Once one of the country’s highest-flying real-estate investment trusts, General Growth racked up debt with a buying spree that included the $12.6-billion purchase of rival mall operator Rouse Co. in late 2004.

“They took a big, big gamble, and it did not pay off,” said Rich Moore, of Cleveland-based RBC Capital Markets, in an interview.

Indeed, General Growth Properties may be filing for Chapter 11 any day now, which can’t make Tommy Friedman very happy, seeing his billionaire status put at risk. However, when big commercial real estate firms go under, guess what? They don’t pay their local taxes. And the stores that go out of business in the malls they own don’t generate any sales taxes. Which means many local municipalities lose a large amount of the revenues they depend upon to finance schools, fire fighters, police and other essential services.

Which again brings the financial hurt back to you and me. Tom Friedman will manage just fine, trust me. It’s our jobs, our families livelihoods and the future for our kids which are really in danger today. Which makes you wonder why any Democrat would continue to support extending Bush’s tax cuts for the rich. I sure don’t see any reason for letting the people who profited and partied off the decline of the middle class in America over the past three decades getting away scot free with their often ill earned gains.

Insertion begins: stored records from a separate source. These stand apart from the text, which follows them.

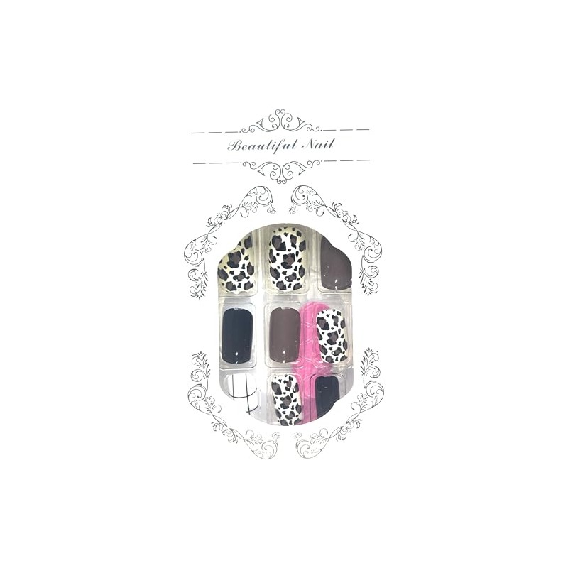 Transform your nails instantly with this stunning set of 24 press-on nails featuring an elegant mix of leopard print and solid color designs. The collection includes sophisticated black, brown, and white shades perfect for any occasion. These easy-to-apply false nails provide a professional-looking manicure in minutes, without the need for salon visits. Each nail is carefully crafted to ensure a natural appearance and comfortable fit. The set combines classic solid colors with trendy animal prints for versatile styling options. Simple to apply and remove, these press-on nails offer a quick solution for achieving a polished, fashionable look. The set includes detailed application instructions for best results. Perfect for special events, daily wear, or when you need a quick nail transformation. These false nails provide a salon-quality appearance that can last through your daily activities while protecting your natural nails underneath.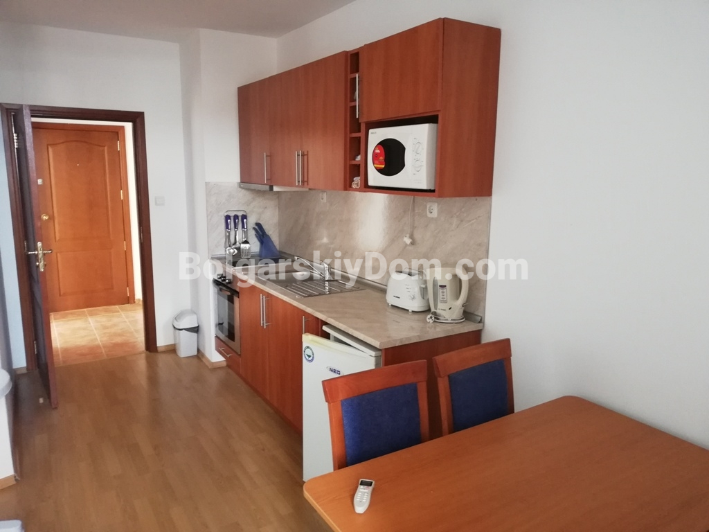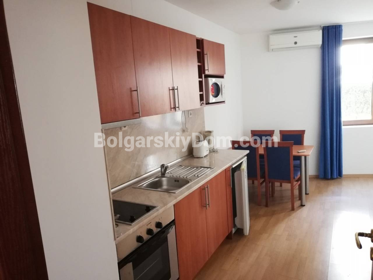 Каталог недвижимости на Солнечном берегу вновь пополнился отличным и стоящим вашего внимания объектом! В курортном комплексе Кассандра выставлена на продажу меблированная двухкомнатная квартира, которая расположена на первом этаже. Недвижимость площадью 56 кв. м. полностью готова к заселению новых собственников или сдаче в аренду – весь ее интерьер вместе с техникой и мебелью включен в обозначенную стоимость. Из гостиной есть выход к частной зеленой зоне, небольшому английскому дворику, который может использоваться в качестве места для загара или отдыха.
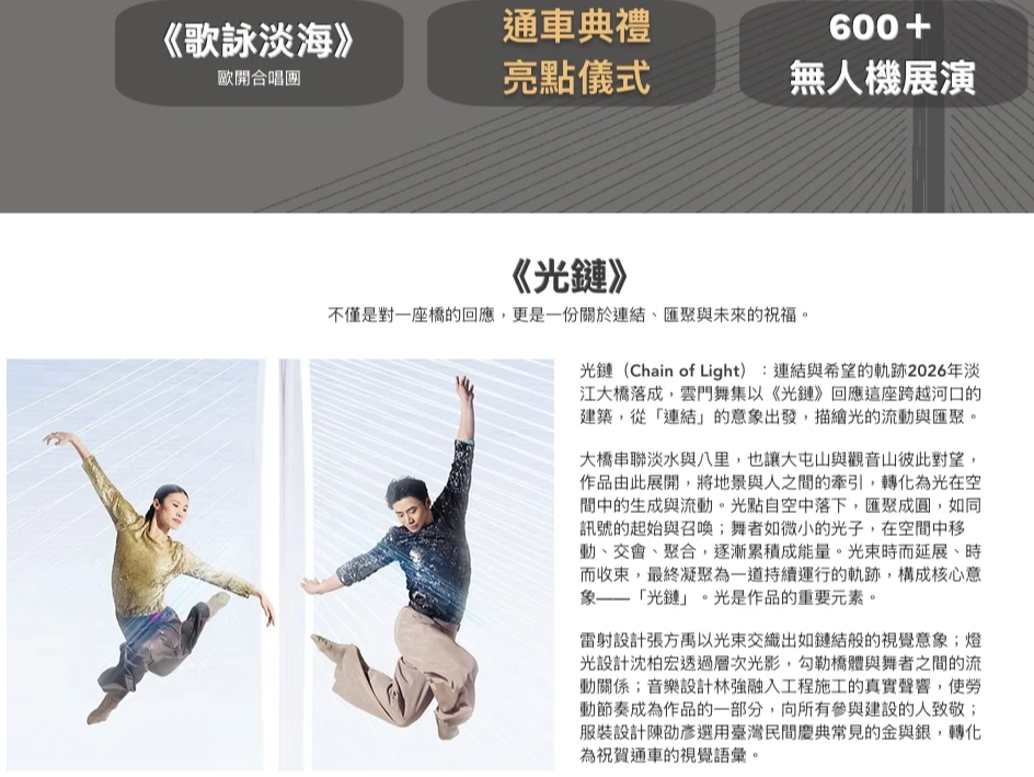無人機燈光秀:600架無人機將在河口高空與橋體光雕同步演出,為通車慶典畫下完美句點。

But the tax-cut components of the package are hardly a clean break with the Bush years, presuming that is what Mr. Obama meant by the troubled past. To win the support of Republican lawmakers, the package is shaping up to include roughly $150 billion in business tax breaks, even though such breaks are widely recognized as packing very little bang for the buck when it comes to economic stimulus. […]

The deteriorating job situation also calls for ensuring that states do not have to make unduly burdensome cuts in their own budgets. State and local governments are big employers in their own right, and money that is fed through them quickly reaches beneficiaries and contractors, as well as employees, helping to save and create jobs by supporting demand.

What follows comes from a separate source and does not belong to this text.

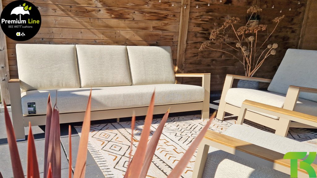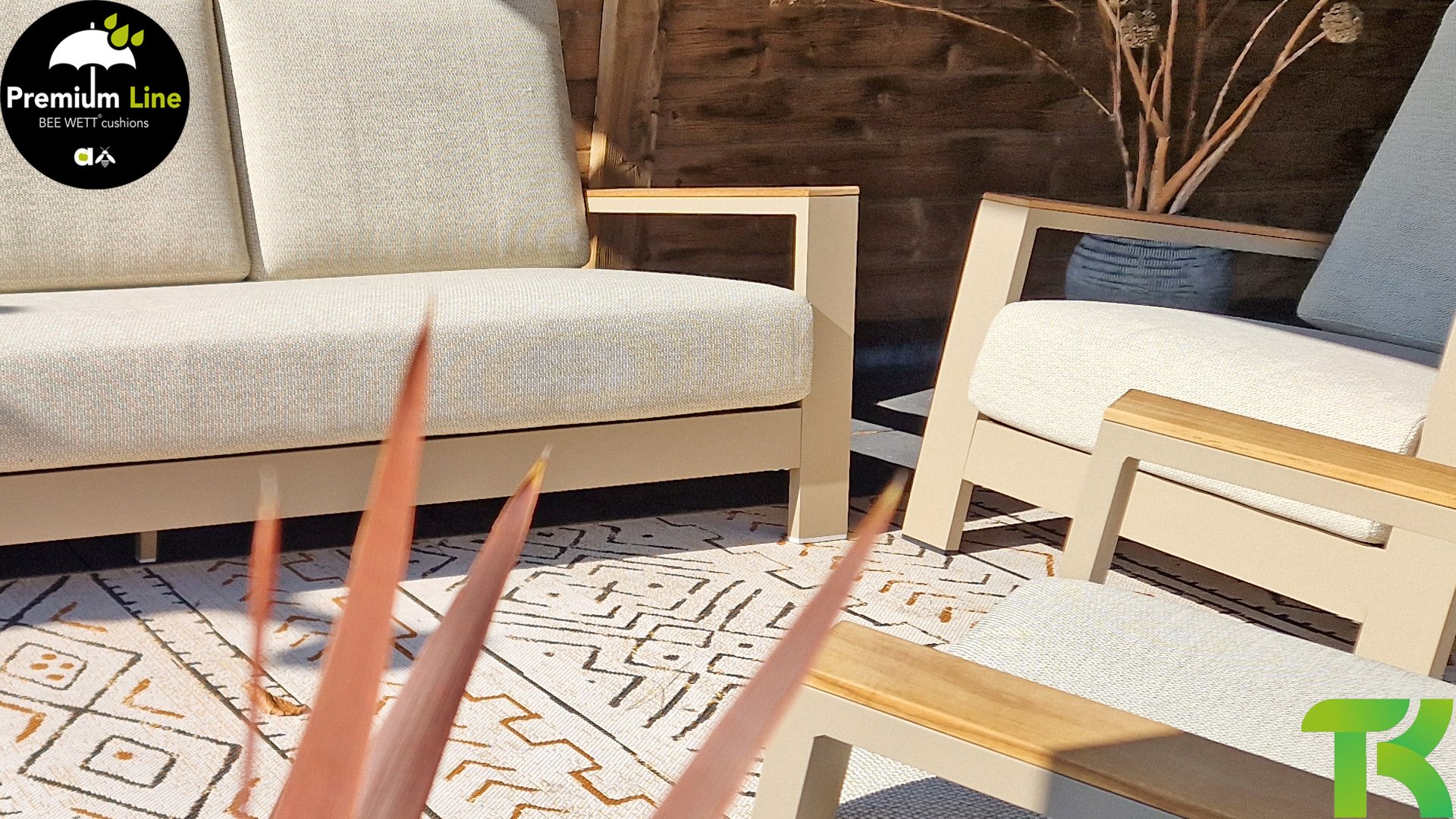 The Apple Bee Spring aluminum latte collection is minimalist and clean, but still stands out due to its unique design. A sleek diagonal play of lines, expertly processed aluminum, powder-coated in a beautiful taupe color and soft, comfortable cushions in a sandy-colored upholstery. A touch of teak on the armrest completes the set and adds that extra detail. With dressing in your own style, you can give your touch to this ‘nest in the sun’.
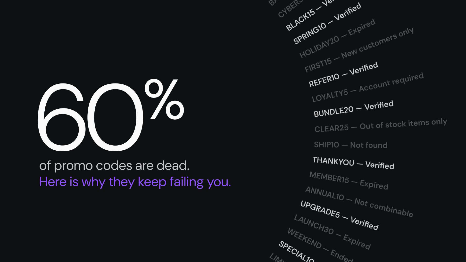 Forty to sixty percent of promo codes on the public internet are dead, restricted, or misleading. Not one problem. Five.

Every dollar spent on a politically expedient tax cut is money that is not spent where it could do more good. It also perpetuates the corrosive debate in which taxes are portrayed as basically evil and tax cuts as unmitigated good. That is not a debate that Mr. Obama should engage.

But what do I know? I’m only an ex-bankruptcy attorney who watched banks and rich folks (admittedly many of them my clients at the time) get away with losing their investors’ and shareholder’s monies right and left in the 1980’s and 90’s while still making out like bandits themselves. Maybe that’s just the way the world works. But it sure isn’t the change I voted for this past Fall. That much I do know.